ASSOCIATION BETWEEN RENAL RESISTIVE INDEX AND CAROTID INTIMA-MEDIA THICKNESS IN HYPERTENSIVE PATIENTS.

  • Autori: Mule’, G; Geraci, C; Mogavero, M; Geraci, C; D'Ignoto, F;; Cerasola, G; Cottone, S.
  • Anno di pubblicazione: 2013
  • Tipologia: eedings
  • Parole Chiave: Carotid atherosclerosis; Renal resistive index; Intima media thickness; Echo-color doppler
  • OA Link: http://hdl.handle.net/10447/84026

Abstract

Introduction: The assessment of renal hemodynamic parameters by duplex Doppler sonography has been used for many years as a diagnostic tool in the daily work-up of kidney diseases. Recent data suggest that these parameters, especially the intrarenal resistive index (RI) may be also associated with changes of the systemic vascular tree and with an enhanced cardiovascular risk. However, conflicting data exist in literature about the independent association of carotid intima-media thickness (IMT) with RI. Aim: To evaluate the relationship between RI and carotid IMT in the hypertensive subjects consecutively attending our hypertension centre. Methods: We enrolled 264 subjects, aged between 30 and 70 years. They were stratified into two groups, either with normal renal function (n = 140) or with chronic kidney disease (CKD), ranging from stage 1 to stage 4 of the KDIGO classification (n = 124).

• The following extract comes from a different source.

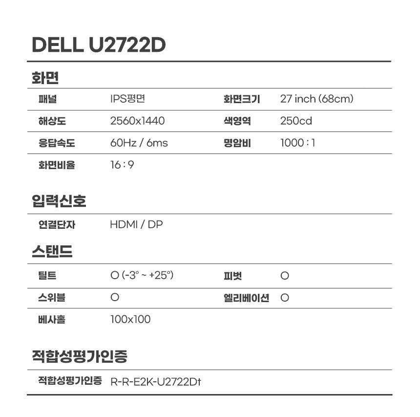 68cm(27인치) / 2560x1440(QHD) / 60Hz / IPS / 와이드(16:9) / 5ms / 피벗 / 엘리베이션 / 틸트 / 스위블 / 베사홀 : 100x100mm
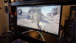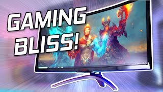 Игровой сверхширокоэкранный монитор с крупный 35-дюймовым экраном UltraWQHD-разрешения и поддержкой технологии NVIDIA G-Sync. Имеет внушительную стоимость, но является один из самых доступных решений такого класса. Экран размерами 82х35 см выполнен на основе полноценной 8-и битной AMVA-матрицы с разрешением 3440х1440 и WhiteLED-подсветкой. Для модуляции яркости экрана не используется широтно-импульсная модуляция, вызывающая усталость глаз.

The GFR was estimated by CKD-EPI equation. All the subjects underwent duplex Doppler assessment of the renal and carotid arteries by the GE Logiq P5 PRO instrument. Results: Patients with carotid IMT > 0.9 mm showed higher values of RI, both in the overall population (p < 0.001) and in the subgroups with (p< 0.01) and without CKD (p< 0.01). In addition, a statistically significant correlation was observed between carotid IMT and RI in the whole population (r = 0.43, p<0.001) and in the subgroups with (r = 0.42, p<0.001) and without CKD (r = 0:39, p<0.001). These correlations held even after adjustment for several confounding factors. Conclusions: Our results, showing a strong independent association between renal RI and carotid IMT, seem to corroborate the concept that the RI, beyond its prognostic renal value, may be considered as a marker of systemic vascular changes and therefore a predictor of cardiovascular risk.